**What to produce**
From the line with "교촌오리지날은 교촌의 대표" to the line with "En su primera", retype every line exactly, including those two, and leave out the rest of the data below.

**Given information**
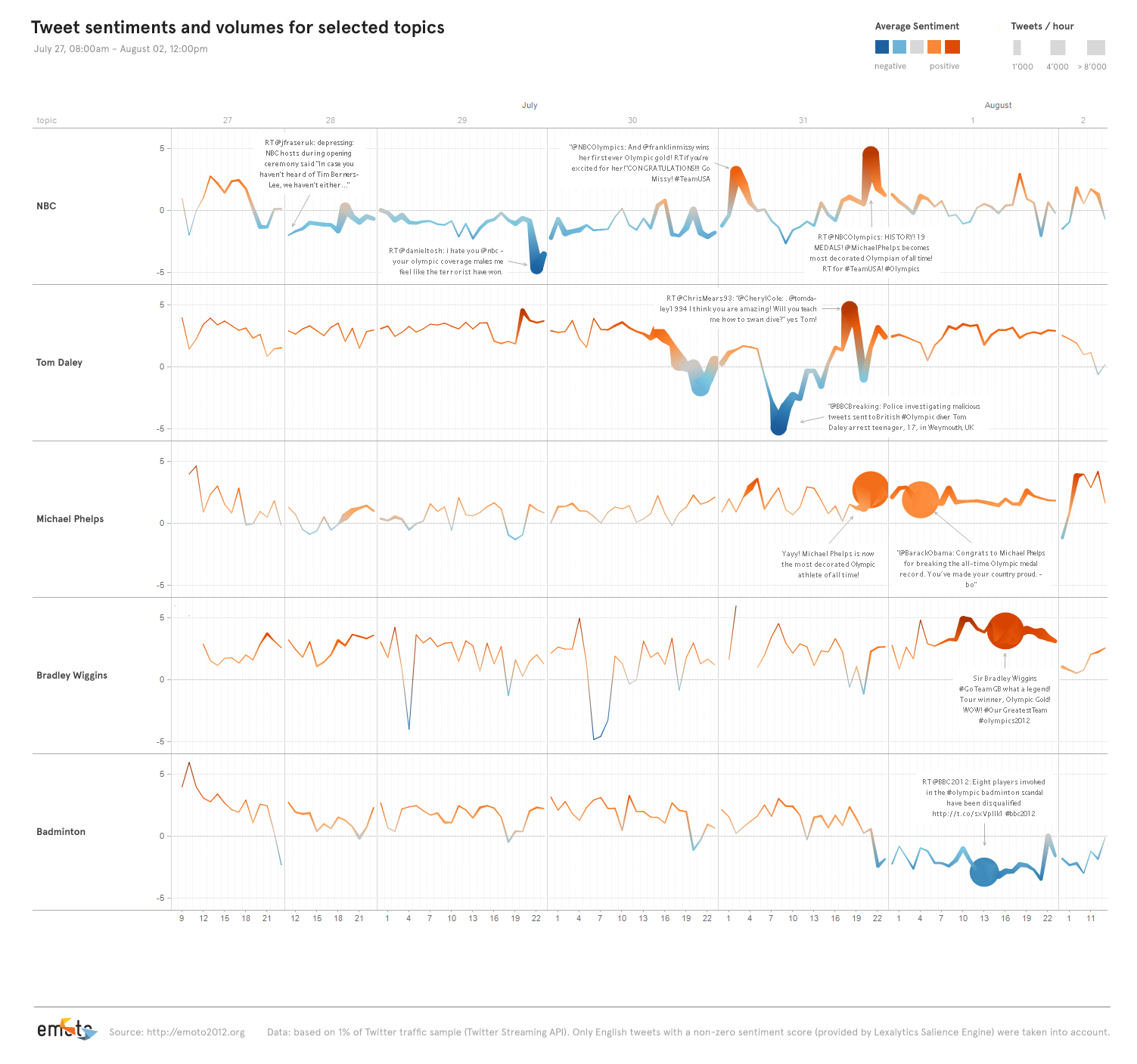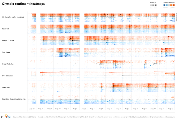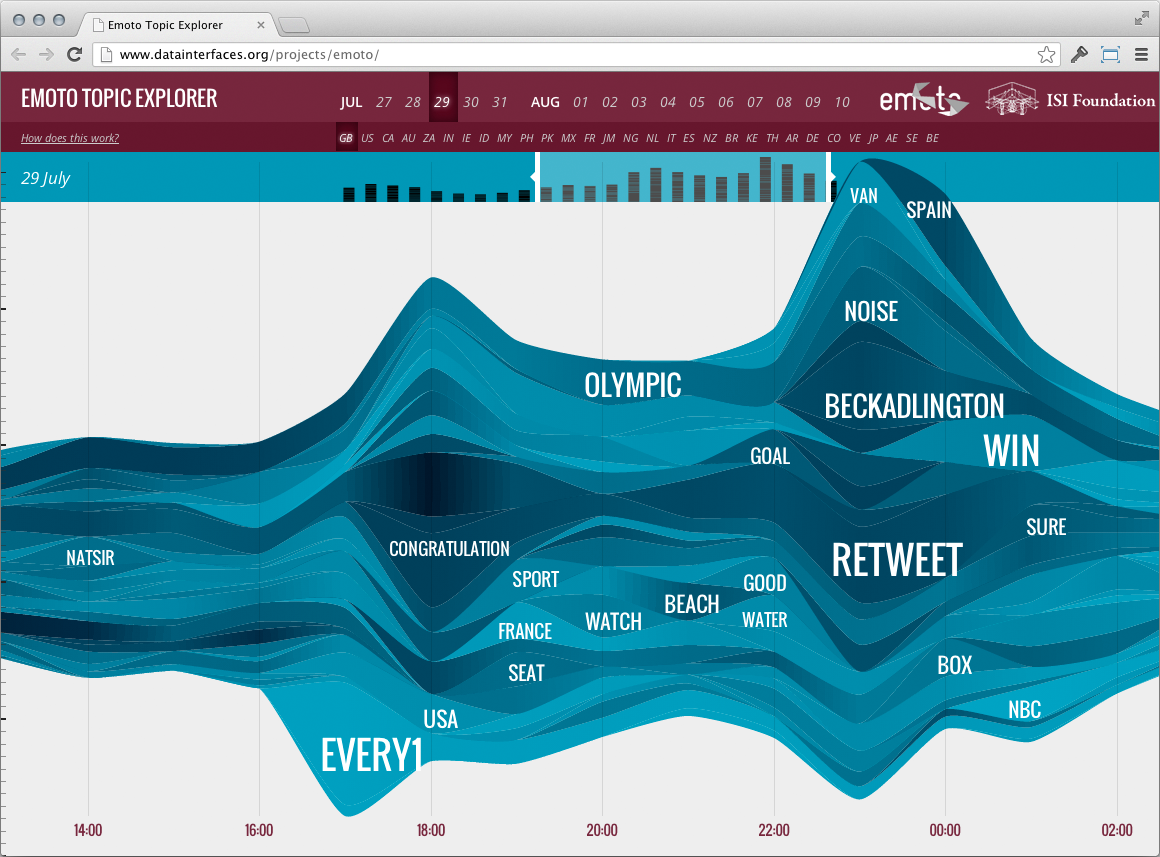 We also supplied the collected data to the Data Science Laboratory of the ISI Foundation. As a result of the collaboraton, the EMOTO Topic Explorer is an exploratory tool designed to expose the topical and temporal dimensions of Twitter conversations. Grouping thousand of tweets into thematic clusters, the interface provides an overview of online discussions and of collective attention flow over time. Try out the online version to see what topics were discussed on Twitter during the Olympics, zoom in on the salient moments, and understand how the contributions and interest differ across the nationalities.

---

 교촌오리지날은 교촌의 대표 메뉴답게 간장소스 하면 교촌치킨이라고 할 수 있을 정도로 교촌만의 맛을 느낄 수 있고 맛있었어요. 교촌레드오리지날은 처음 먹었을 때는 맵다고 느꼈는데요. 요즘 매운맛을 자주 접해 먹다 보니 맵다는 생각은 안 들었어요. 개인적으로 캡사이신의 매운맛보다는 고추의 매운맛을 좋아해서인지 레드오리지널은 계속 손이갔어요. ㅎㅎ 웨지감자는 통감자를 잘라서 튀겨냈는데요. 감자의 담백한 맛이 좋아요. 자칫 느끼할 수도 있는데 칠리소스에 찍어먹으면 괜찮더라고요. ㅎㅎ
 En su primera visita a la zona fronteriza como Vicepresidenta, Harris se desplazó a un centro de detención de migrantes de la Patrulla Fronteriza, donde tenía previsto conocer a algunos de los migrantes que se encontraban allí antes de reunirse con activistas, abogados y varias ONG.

**Result of the task**
 교촌오리지날은 교촌의 대표 메뉴답게 간장소스 하면 교촌치킨이라고 할 수 있을 정도로 교촌만의 맛을 느낄 수 있고 맛있었어요. 교촌레드오리지날은 처음 먹었을 때는 맵다고 느꼈는데요. 요즘 매운맛을 자주 접해 먹다 보니 맵다는 생각은 안 들었어요. 개인적으로 캡사이신의 매운맛보다는 고추의 매운맛을 좋아해서인지 레드오리지널은 계속 손이갔어요. ㅎㅎ 웨지감자는 통감자를 잘라서 튀겨냈는데요. 감자의 담백한 맛이 좋아요. 자칫 느끼할 수도 있는데 칠리소스에 찍어먹으면 괜찮더라고요. ㅎㅎ
 En su primera visita a la zona fronteriza como Vicepresidenta, Harris se desplazó a un centro de detención de migrantes de la Patrulla Fronteriza, donde tenía previsto conocer a algunos de los migrantes que se encontraban allí antes de reunirse con activistas, abogados y varias ONG.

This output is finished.